In this work we describe the use of inertial microfluidics for continuous multi-particle separation in a simple spiral microchannel. The inertial forces coupled with the rotational Dean drag force in the spiral microchannel geometry cause neutrally-buoyant particles and cells to occupy a single equilibrium position near the inner microchannel wall. This position is strongly dependent on the particle/cell diameter.

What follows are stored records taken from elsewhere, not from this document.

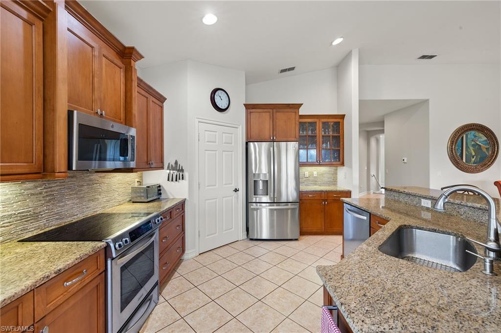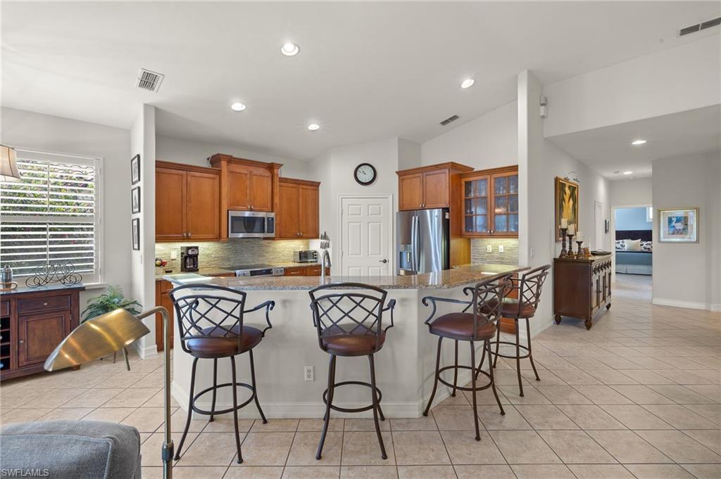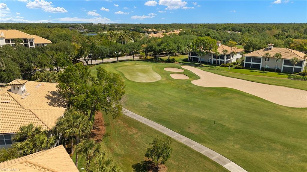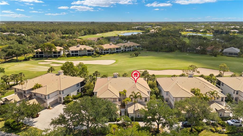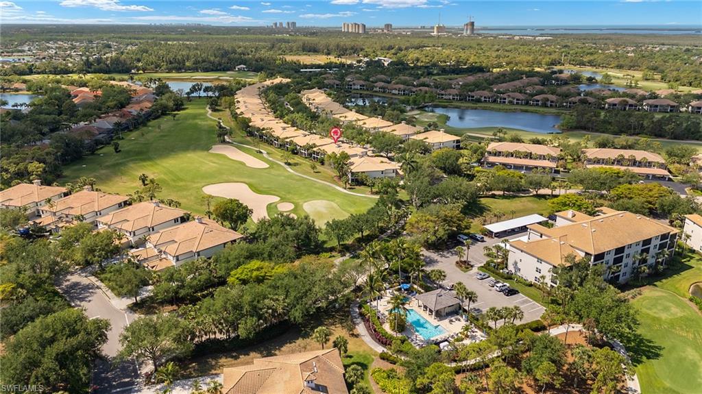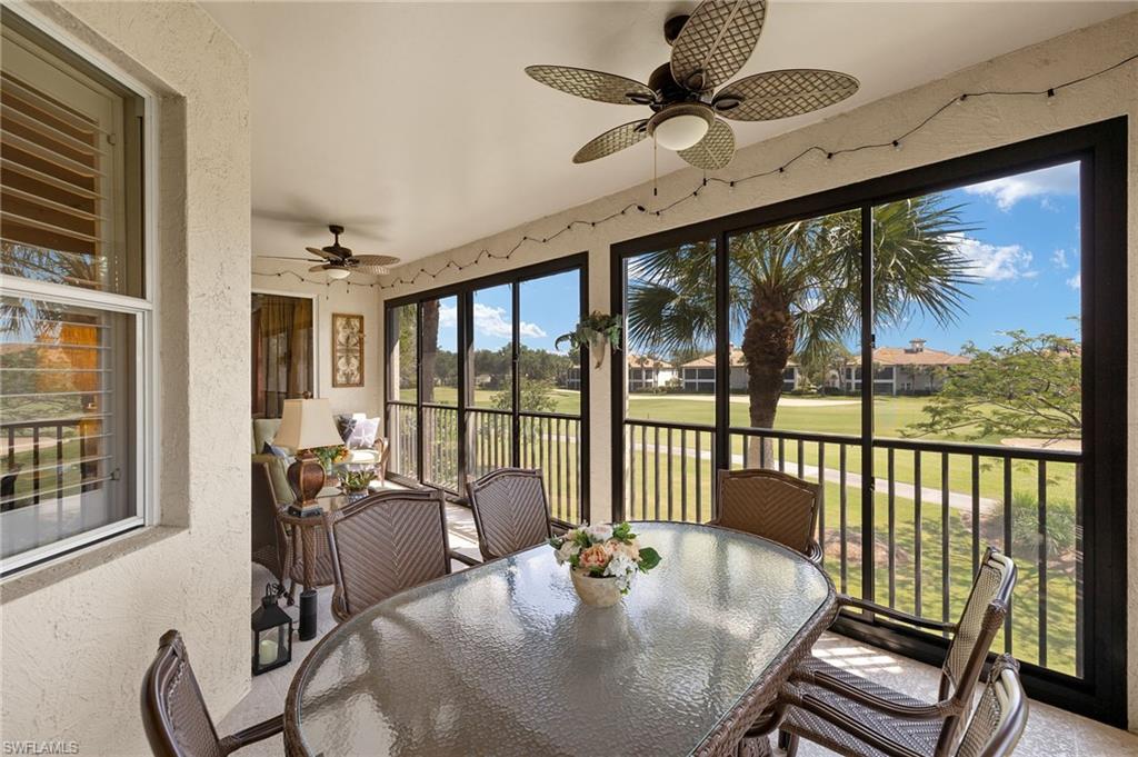 Membership Included in this amenity-rich community of Pelican Sound! Finally what you have been looking for! Exceptional turnkey furnished second floor carriage home with volume ceiling and wide open living space. Features include 3 bedrooms all with walk-in closets, plus a den and 2 full baths. Located just off the 8th fairway, offering continuous enjoyment as you relax on the wrap around lanai with Lexan sliders and watch the the golfers from fairway to putting green. Additional features include renovated kitchen with granite counters, stainless appliances, staggered rich wood cabinets with underlighting to accentuate the gorgeous decorative backsplash. Spacious primary suite with recently renovated bathroom offering gorgeous tiled shower, seamless shower door, granite counter top and more. Unique to the carriage home the door to the laundry room has been moved giving the den a much more finished look. Plantation shutters throughout and A/C replaced in 2024. If you are looking for an active lifestyle look no further: 27 holes of Championship golf, 14 pickleball, 8 tennis and 6 bocce courts. State of the art fitness center that is professionally staffed. Pelican Sound is nestled up to the Estero River with access to the Gulf of Mexico. The community offers dry boat storage, kayaks, canoes and paddle boarding, along with a shuttle boat to Lovers Key State Beach Park. Minutes from RSW International airport and surrounded by fabulous shopping and restaurants. Start Living The Dream!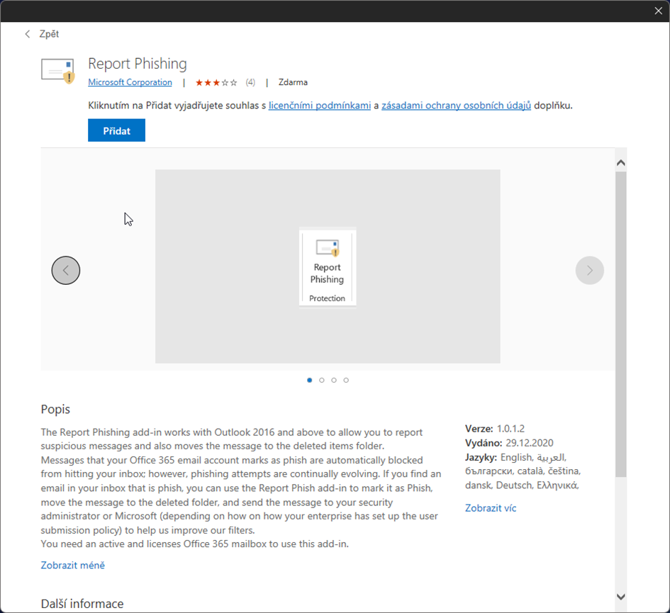 Přidání doplňku provedete vyhledáním „report phishing“.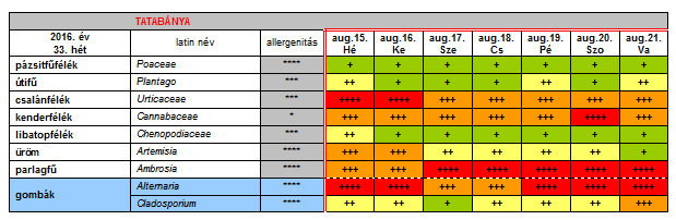 Az OKK Aerobiológiai Hálózatának Tatabányára vonatkozó 33. heti jelentése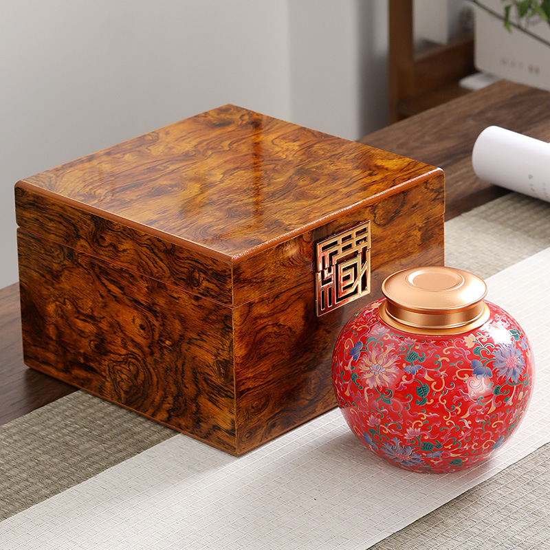 ホーロー塗装丸瓶(チャイニーズレッド、金属製スクリューキャップ)、木箱入り1個入り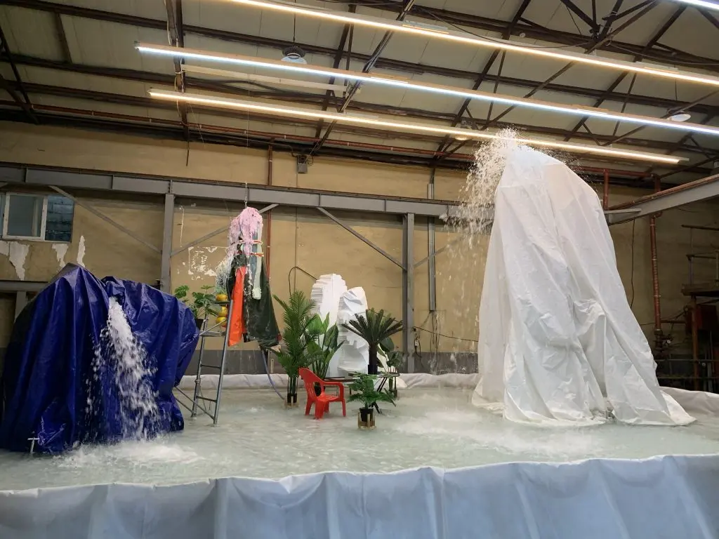 해체될 예정이었던 ‘정림건축 구 사옥건물’ 창틀을 뜯어내고 창에서부터 바닥까지 길게 늘어뜨린 캔버스 위에 물감주머니를 부어 완성한 작품이다.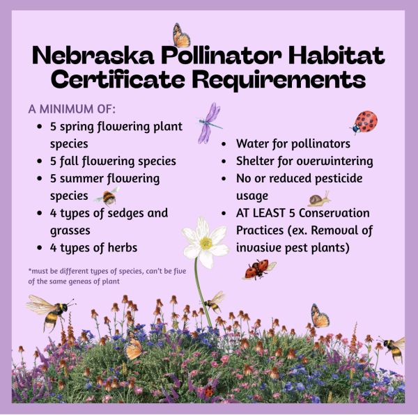 According to the UNL Extension program, the purpose of having the habitat certification program “is to return as much available space as possible to the historical native prairie that local and migratory pollinators evolved with over millions of years.”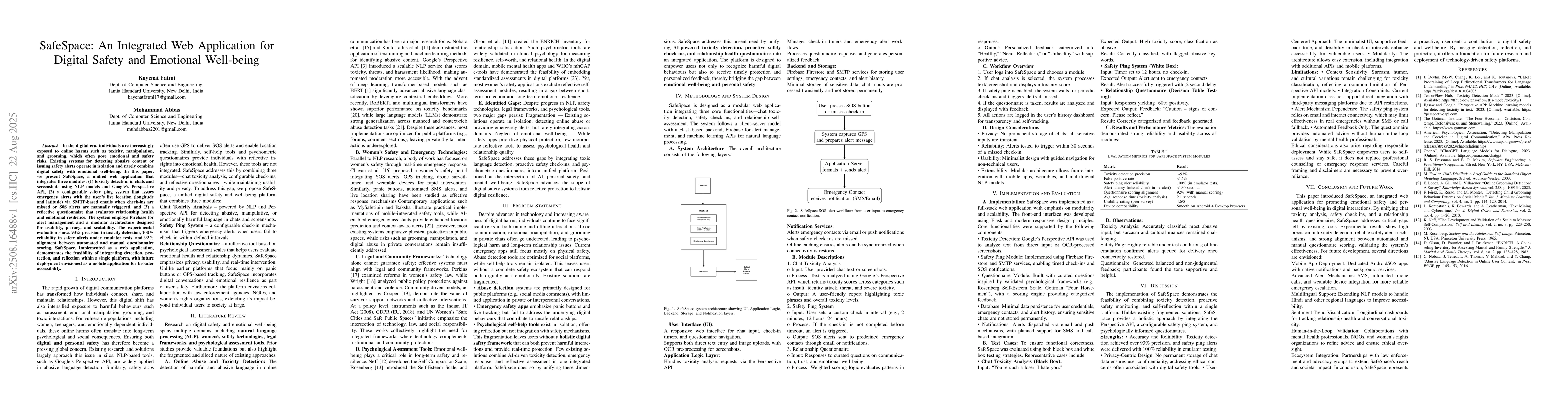 In the digital era, individuals are increasingly exposed to online harms such as toxicity, manipulation, and grooming, which often pose emotional and safety risks. Existing systems for detecting abusive content or issuing safety alerts operate in isolation and rarely combine digital safety with emotional well-being. In this paper, we present SafeSpace, a unified web application that integrates three modules: (1) toxicity detection in chats and screenshots using NLP models and Google's Perspective API, (2) a configurable safety ping system that issues emergency alerts with the user's live location (longitude and latitude) via SMTP-based emails when check-ins are missed or SOS alerts are manually triggered, and (3) a reflective questionnaire that evaluates relationship health and emotional resilience. The system employs Firebase for alert management and a modular architecture designed for usability, privacy, and scalability. The experimental evaluation shows 93% precision in toxicity detection, 100% reliability in safety alerts under emulator tests, and 92% alignment between automated and manual questionnaire scoring. SafeSpace, implemented as a web application, demonstrates the feasibility of integrating detection, protection, and reflection within a single platform, with future deployment envisioned as a mobile application for broader accessibility.
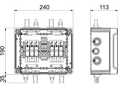 OBO BETTERMANN Systémové řešení typu 2 pro FV s MC4 pro střídače s 2 MPP trackerem, 1000V DC typ PVG-C1000S110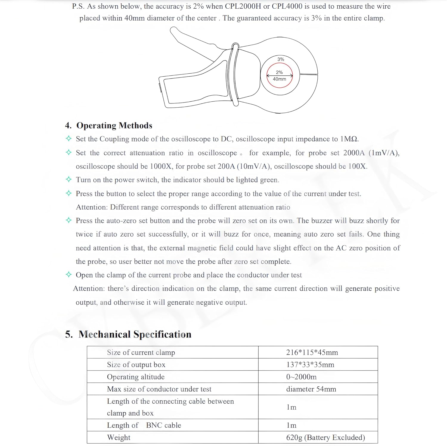 CYBERTEK Oscilloscope current probe Low Frequency AC/DC Current Probe CPL2000 2000A/10kHz CPL4000 4000A/5kHz with the peak current of 3000Apk/5600Apk(CPL2000 2000A/10kHz)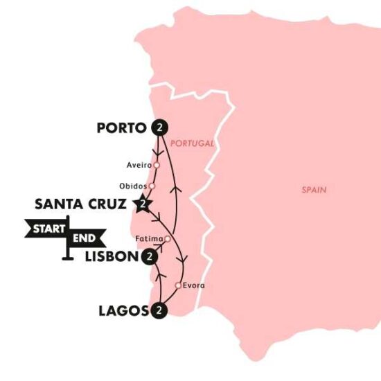 Experience 1 country (11 stops) in 8 days! A new type of trip drenched in sun and packed with wellness vibes, this one’s designed to dive deep into the unique beauty and culture of Portugal. Journeying from Lisbon to Porto, via a stop at a beach-side yoga and surf camp, this trip hits iconic destinations, uncovers Portuguese culture & soaks up the good vibes and free spirit of surf culture across the azure shores of Portugal’s beautiful coastlines.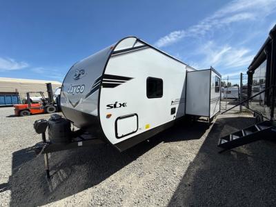 The Jayco Jay Flight SLX travel trailer is quite easy to own because it is lightweight for an easier towing experience. Built on a fully integrated A-frame with galvanized-steel, impact-resistant wheel wells, the Jay Flight SLX has quality at its very foundation. That quality continues on to the electric self-adjusting brakes, easy-lube hubs, Magnum Truss roof system, and LP quick connect. Some of what the mandatory Customer Value Package includes is backup camera prep, Keyed-Alike entry and baggage doors, and an on-demand tankless water heater.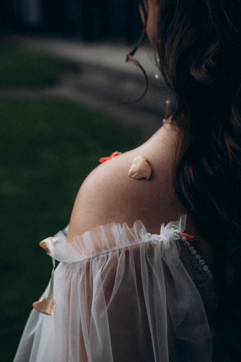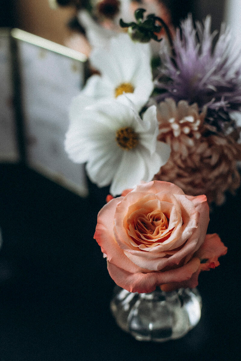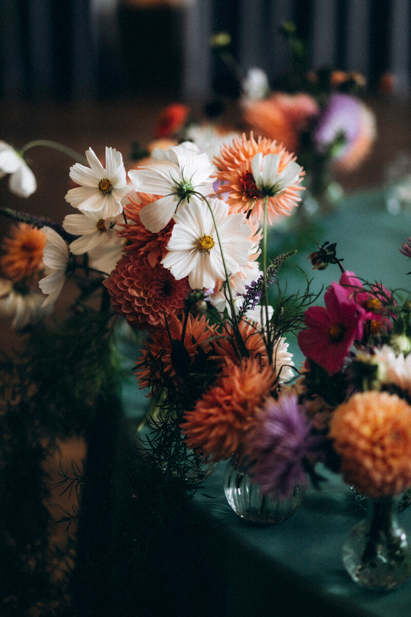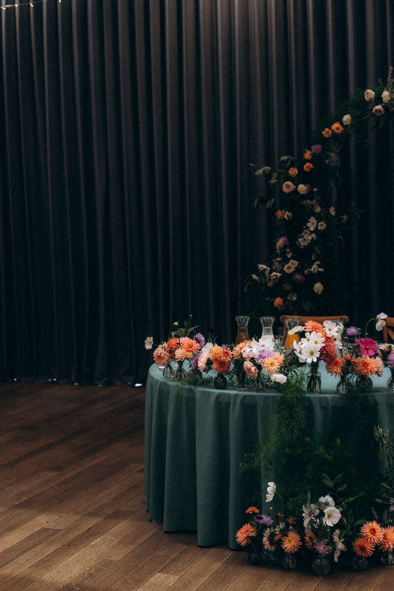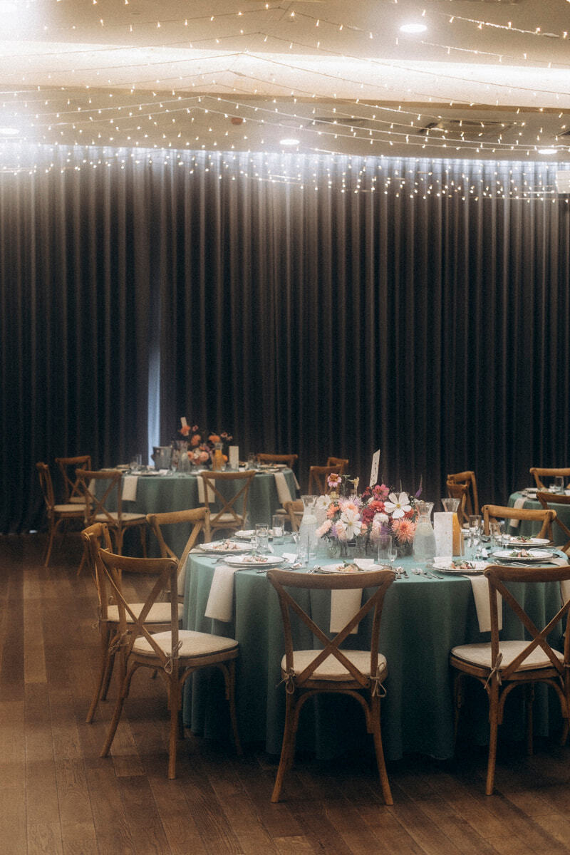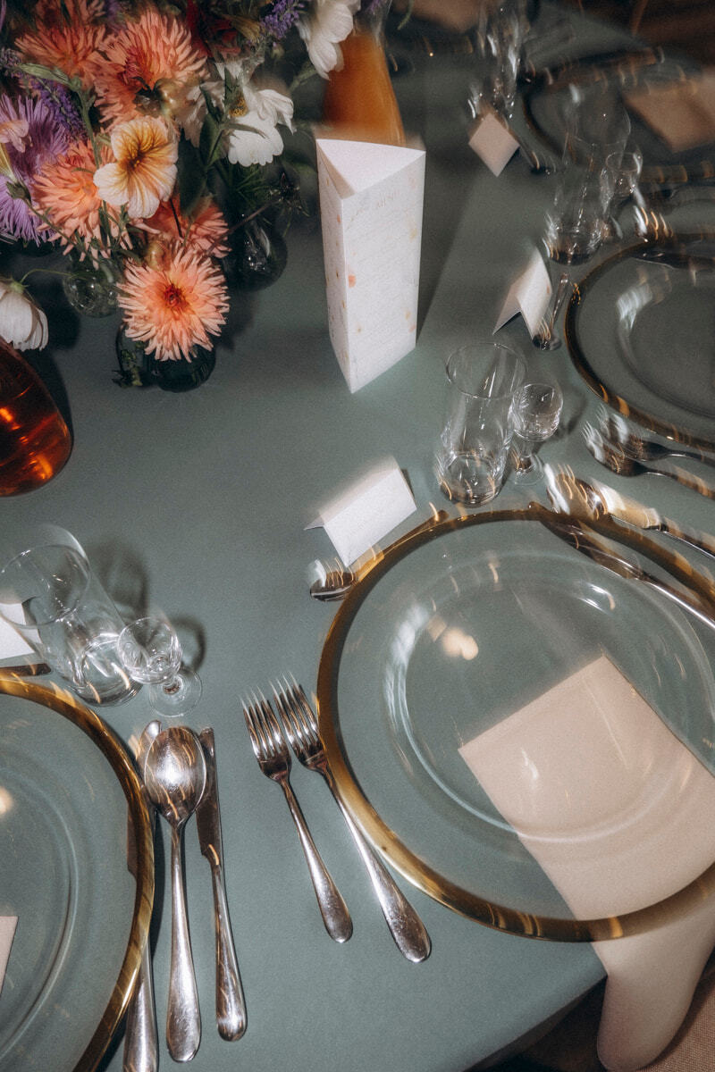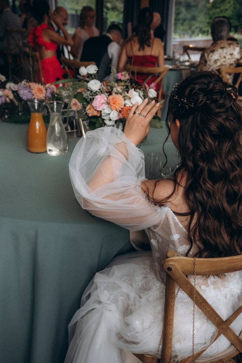 Dla Oli i Jakuba wypożyczyłam drewniane krzesła boho, które przyjechały aż z okolic Krakowa :) Do tego kremowe serwety i szałwiowe obrusy. Na stołach stanęły kompozycje z sezonowych, sierpniowych kwiatów w odcieniach różu, bieli, żółci, pomarańczu i bordo. Całości dopełniły szklane podtalerze ze złotymi rantami. Za stołem Pary Młodej stanęła piękna pergola kwiatowa w pastelowych odcieniach :)

Based on this concept, a 5-loop Archimedean spiral microchannel chip was used to demonstrate for the first time focusing and separation of four particles simultaneously. The polystyrene particles (7.32 μm, 10 μm, 15 μm, 20 μm in diameter) were selected for this work since they are compatible to the size of blood cells. The device exhibited an average 87% separation efficiency, which is comparable to that of other microfluidic separation systems. The simple planar structure and high sample throughput offered by this passive microfluidic approach makes it attractive for lab-on-a-chip integration in hematology applications.

Paper Details

Date Published: 14 February 2011
PDF: 10 pages
Proc. SPIE 7929, Microfluidics, BioMEMS, and Medical Microsystems IX, 792907 (14 February 2011); doi: 10.1117/12.875774
Show Author Affiliations
Arpita Chatterjee, Univ. of Cincinnati (United States)
Sathyakumar S. Kuntaegowdanahalli, Univ. of Cincinnati (United States)
Ian Papautsky, Univ. of Cincinnati (United States)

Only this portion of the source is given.